TASK REQUIREMENTS: Beginning at the top of the entries below, retype each line exactly until the line containing "Folding brass mirrors" has been written out; include no pictures and no later lines.

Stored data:
=== Begin Enclosure ===

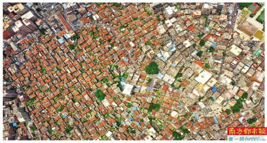 鳞次栉比的楼村旧村,外围是一栋栋高楼。
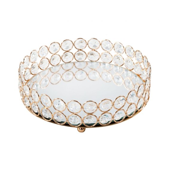 Metalowa taca dekoracyjna z lustrzanym dnem szerokość: fi 20 cm, długość: 6 cm, kolor: złoty, Skład: metal, szkło
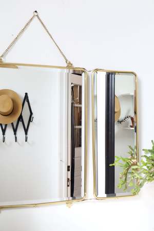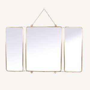 Folding brass mirrors with three panels offer elegance and versatility. Crafted from brass, they fold neatly for storage, providing a timeless addition to any space. Adjust the side panels for different angles or mirror viewpoints, enhancing functionality.
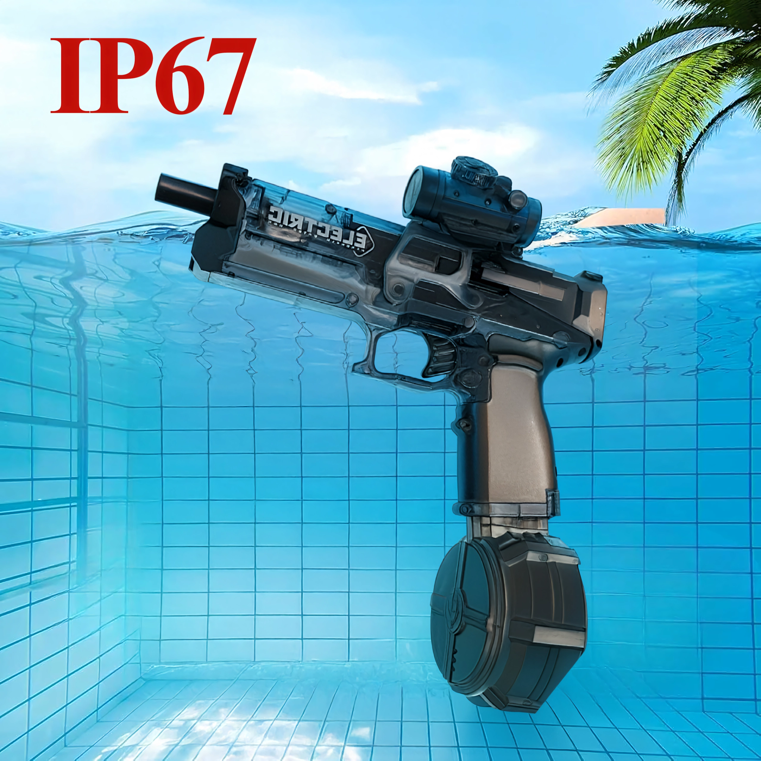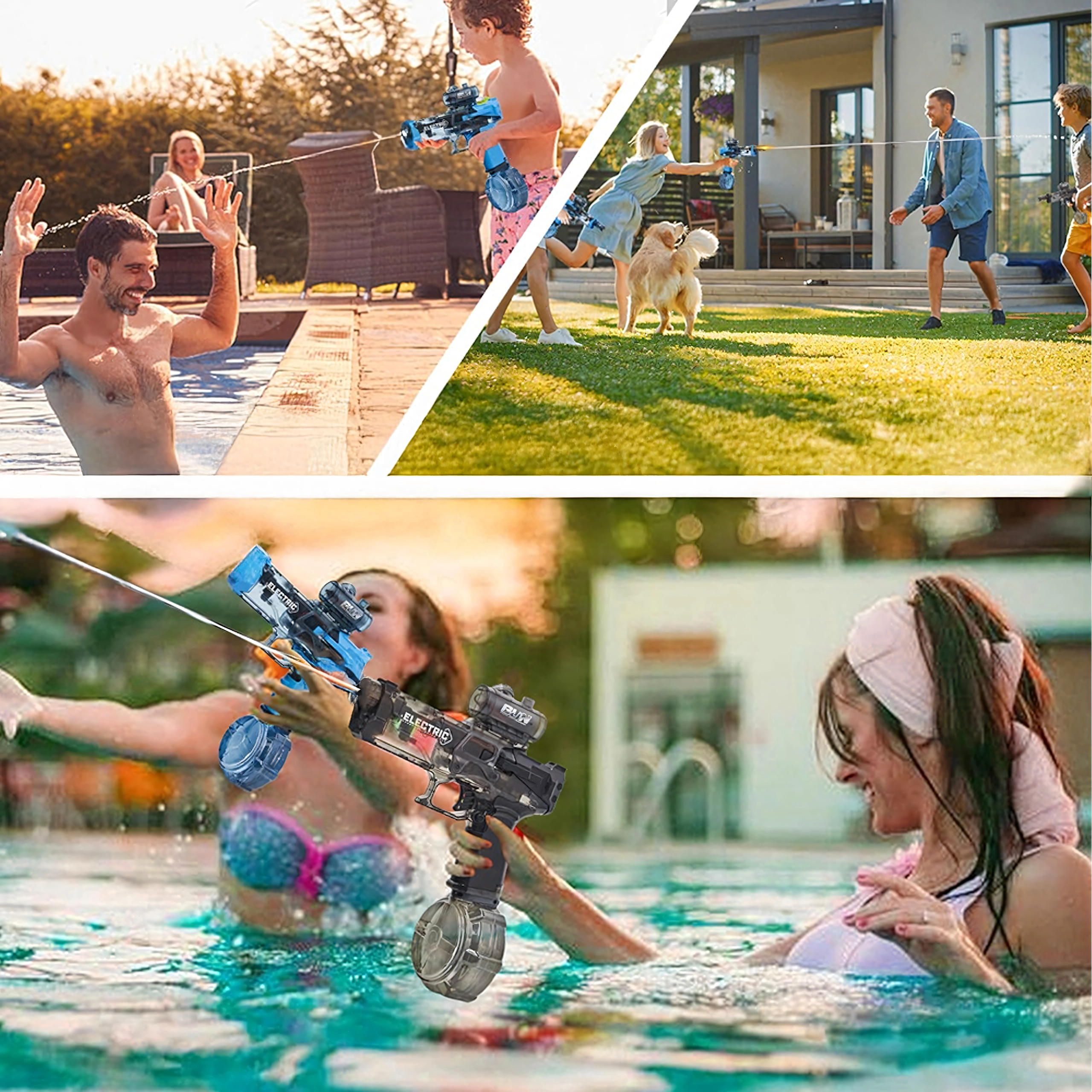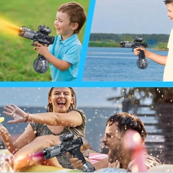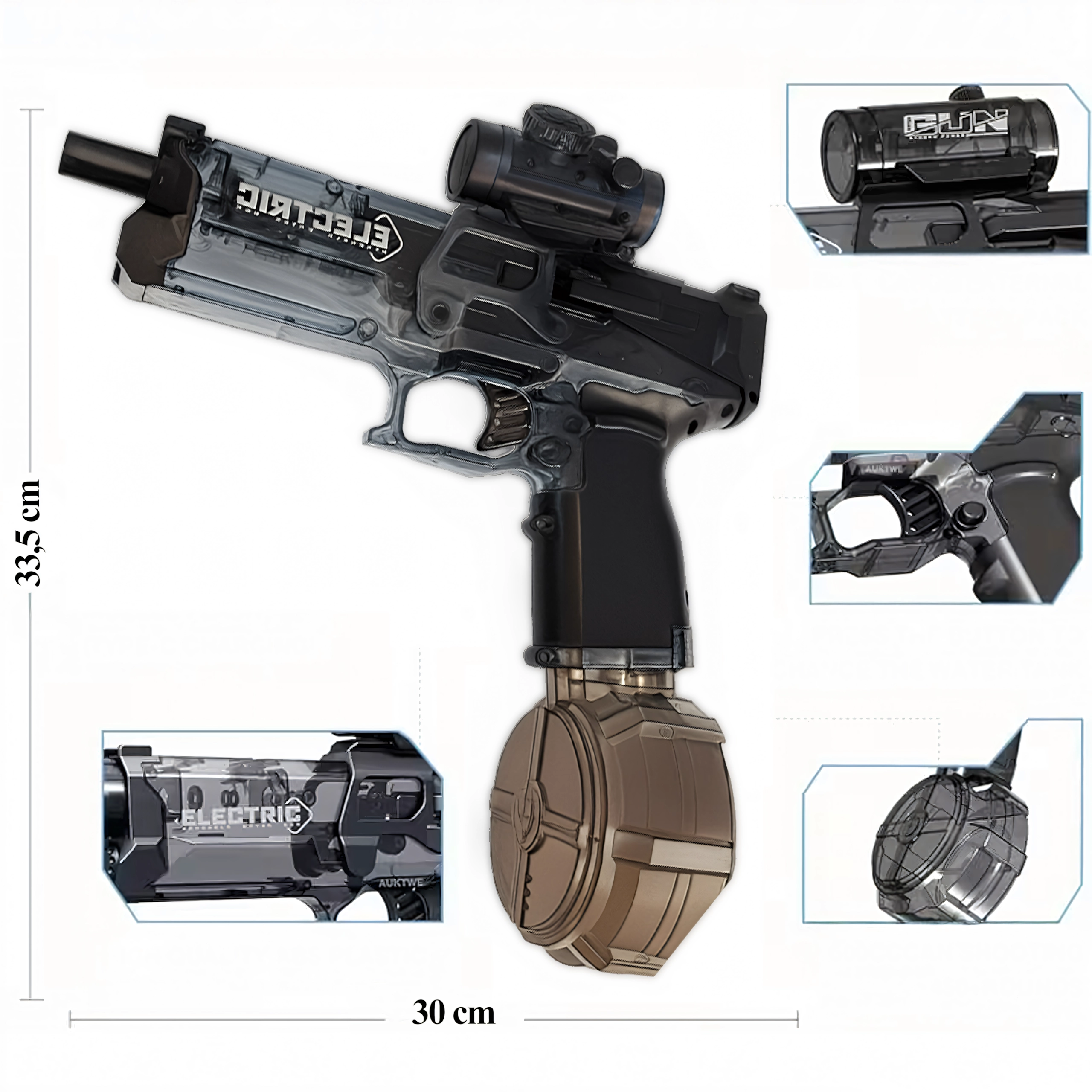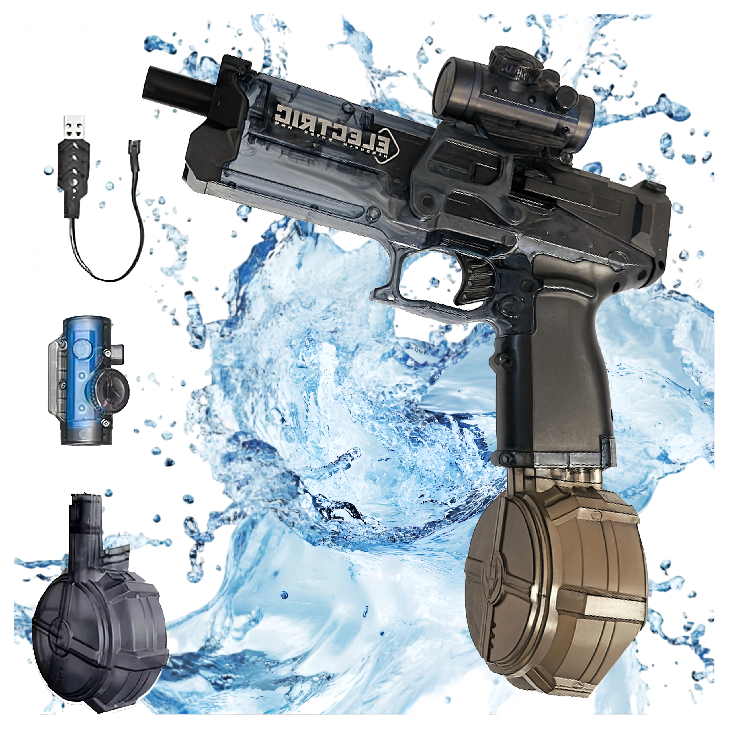 Ovaj snažan električni vodeni pištolj donosi dinamičnu i udobnu igru za djecu i odrasle. Zahvaljujući automatskom okidanju isporučuje kontinuirani mlaz vode bez potrebe za pumpanjem, dok kapacitivni spremnik osigurava rjeđe nadopunjavanje. Ugrađena punjiva baterija preko USB-a pruža do 35 minuta zabave na jedno punjenje.
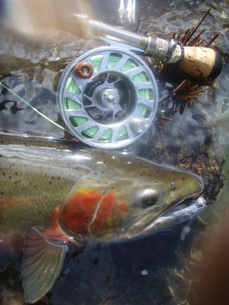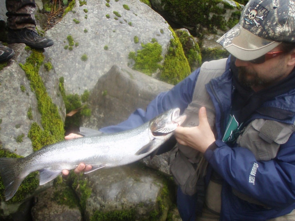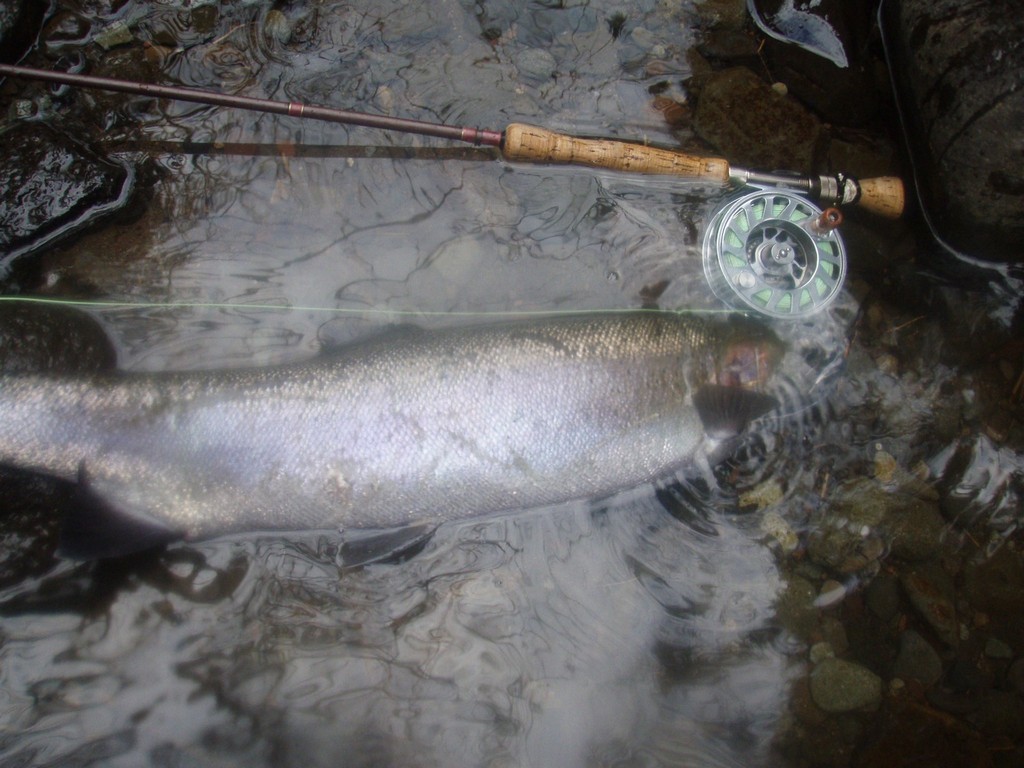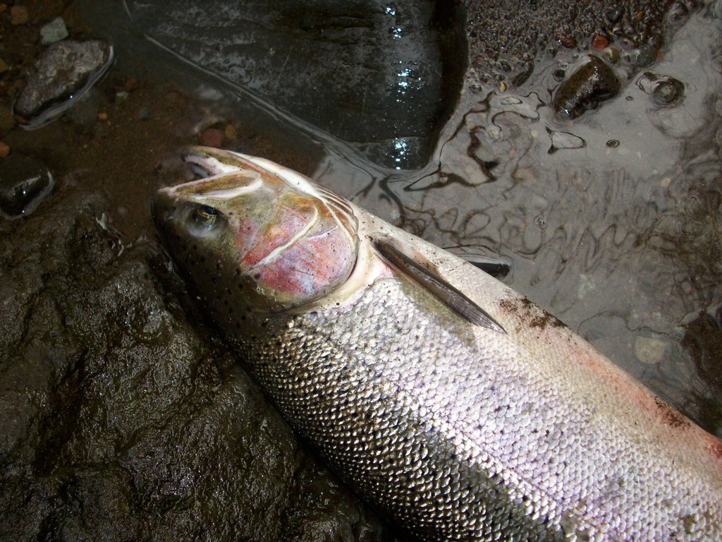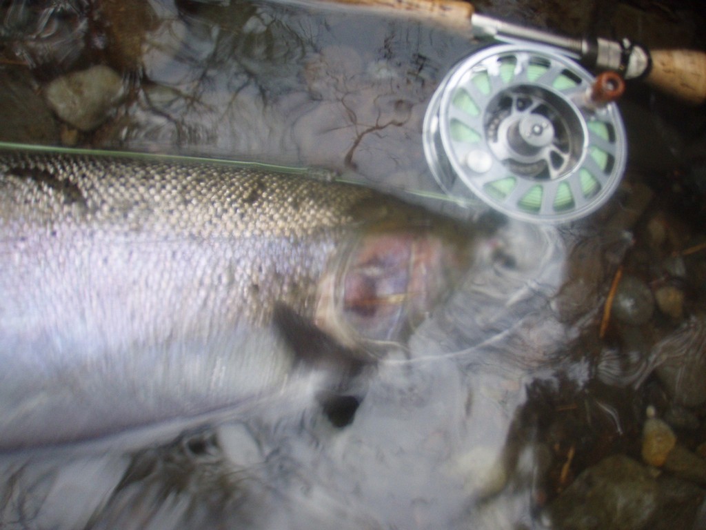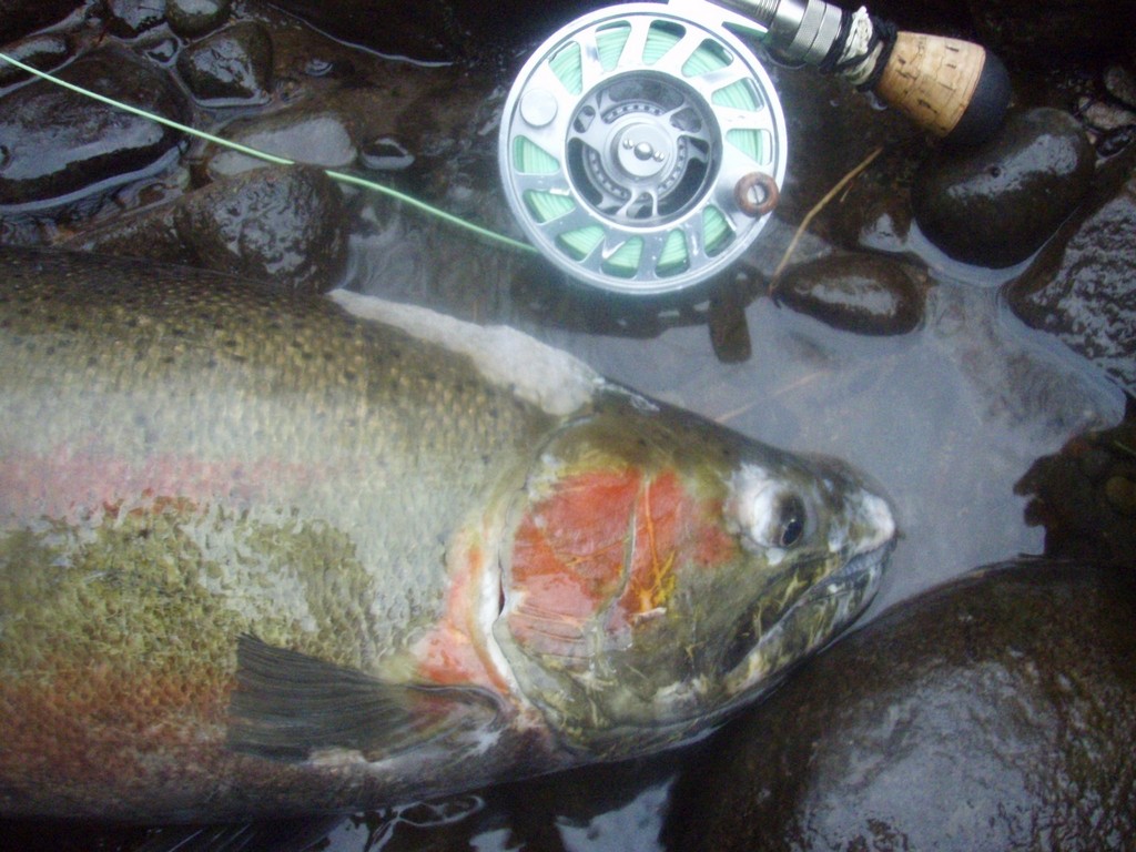 I don’t know when it will end, but I hope it just keeps on going. I know at this point, the fish are turning color, and the meat is not at it’s best, but for someone who does not eat them, they are still fighting fish. For the last 30 years, I have taken some flak for fishing after all the bright ones are gone, but I say to them “Who cares, they still bite, and they still fight!†I have seen and landed several very nice fish this last week, (some egg wagons with the skeen’s still in act and great meat for those that want it). The males may have color on them, but if they are still firm and not to badly beat up, the meat will still be in great shape, they just don’t look as good to the neighbors when you bring it out for the barbecue. Anyway, the fish are still moving in. Today, Matt and I saw nearly 20 fish, got into 12, and landed 4. At certain times today we had up to 8 fish in 2 different holes, with new fish moving in throughout the day. Weather has been fabulous, but it is leading to real low water conditions, causing the fish to be more spooking after the morning shade goes away. Most of the fish are laying in tight little riffles behind rocks, but we did find fish moving through the bigger holes today. At least 5 of the fish we saw today, were 12 to 15 pound chrome bright egg wagons, working there way up quickly. We could not even keep up enough to get one cast at these fish. “They were on the move!â€. Here are the pics from today, and I am trying to put together a good vid, but youtube is messing up with the music I can use. Hope to have it up soon!.
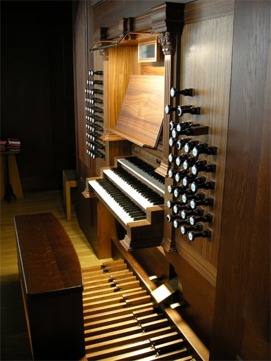 Pedal: (C-f1) Gedackter Bahs 32 Principalbahs 16 Subbahs 16 Gedacktbahs 8 Octavbahs 8 Super Octav 4 Posaunbahs 32 Posaune 16 Trombettbahs 8 Koppeln: |
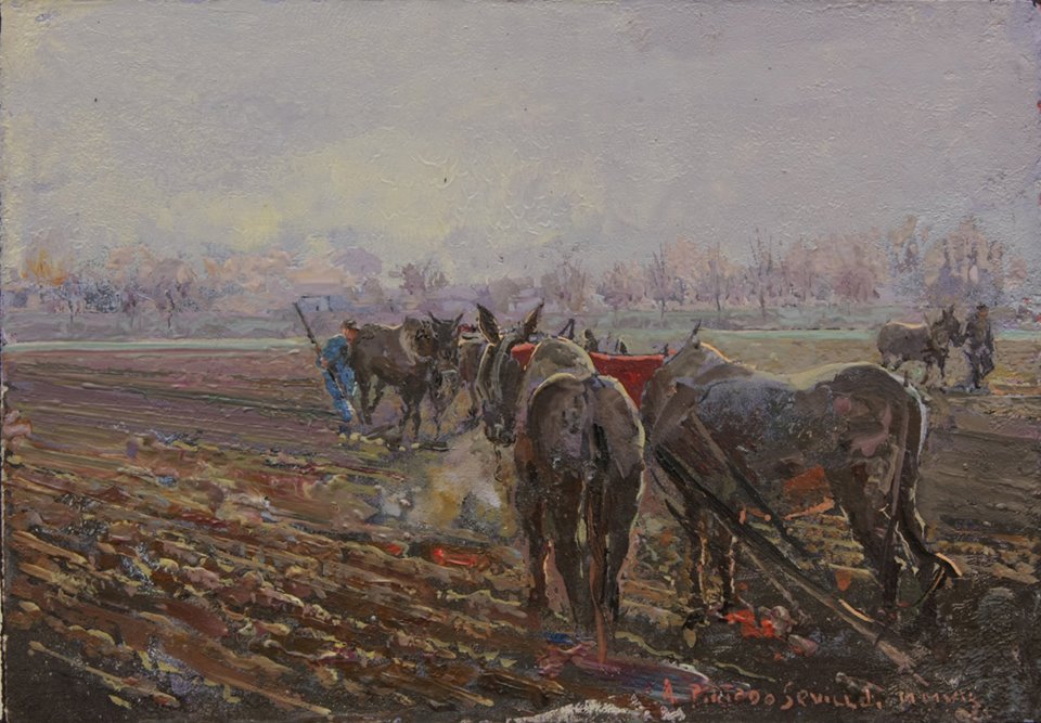 CAPRICHOS. Arando con mulas. Óleo-tela-madera. 12x18cm
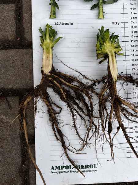 Odmiana populacyjna Nicky zgodnie z charakterystyką tej grupy odmian (odmiana populacyjna) posiadała nieco cieńszą szyjkę korzeniową w porównaniu z hybrydami, co jest jednym z powodów, dla których odmiany populacyjne zaleca się wysiewać w wyższej obsadzie.

=== End Enclosure ===

FINISHED TASK:
 鳞次栉比的楼村旧村,外围是一栋栋高楼。
 Metalowa taca dekoracyjna z lustrzanym dnem szerokość: fi 20 cm, długość: 6 cm, kolor: złoty, Skład: metal, szkło
 Folding brass mirrors with three panels offer elegance and versatility. Crafted from brass, they fold neatly for storage, providing a timeless addition to any space. Adjust the side panels for different angles or mirror viewpoints, enhancing functionality.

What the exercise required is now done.